Bacteriophage T7 gp4A' is a ring-shaped hexameric DNA helicase that catalyzes duplex DNA unwinding using dTTP hydrolysis as an energy source. To investigate the effect of single-stranded DNA (ssDNA) on the kinetic pathway of dTTP hydrolysis by the T7 DNA helicase complexed with ssDNA, we have first determined optimal concentration of long circular M13 single-stranded DNA and pre-incubation time in the absence of $Mg^{2+}$ which is necessary for the helicase-ssDNA complex formation. Steady state dTTP hydrolysis in the absence of $Mg^{2+}$ by the helicase-ssDNA complex provided $k_{cat}$ of $8.5\;{\times}\;10^{-3}\;sec^{-1}$. Pre-steady state kinetics of the dTTP hydrolysis by the pre-assembled hexameric helicase was monitored by using the rapid chemical quench-flow technique both in the presence and absence of M13 ssDNA. Pre-steady state dTTP hydrolysis showed distinct burst kinetics in both cases, indicating that product release step is slower than dTTP hydrolysis step.
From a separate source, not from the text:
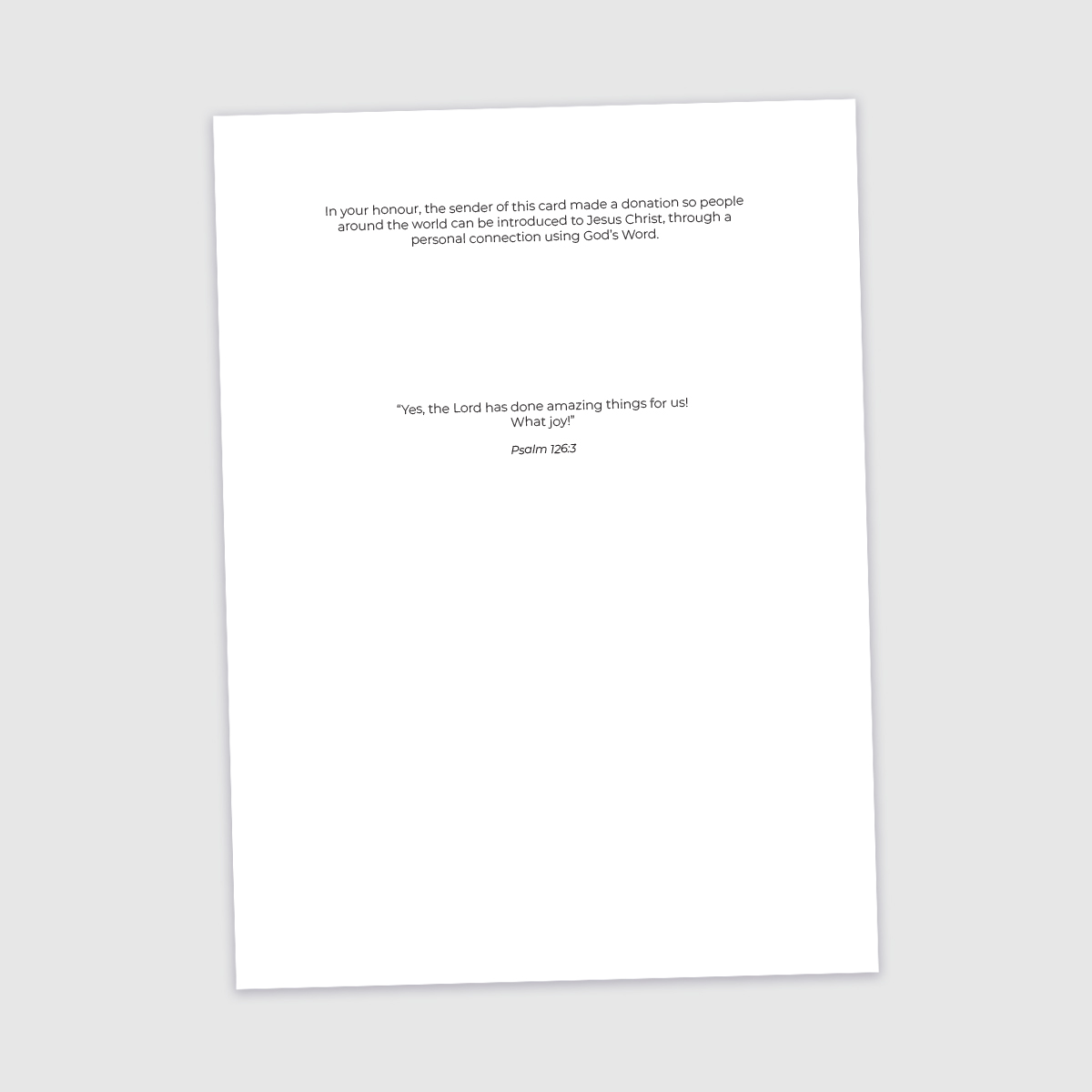 You can dedicate your gift to ShareWord Global by donating in memory of or in honour of a loved one. When you give, you’re also sharing the love of Christ by placing copies of God’s Word in the hands of people around the world.

Pre-steady state burst rates were similar both in the presence and absence of ssDNA, while steady state dTTP hydrolysis rate in the presence of ssDNA was much faster than in the absence of ssDNA. These results suggest that single-stranded DNA stimulates dTTP hydrolysis reaction by T7 helicase by enhancing the rate of product release step.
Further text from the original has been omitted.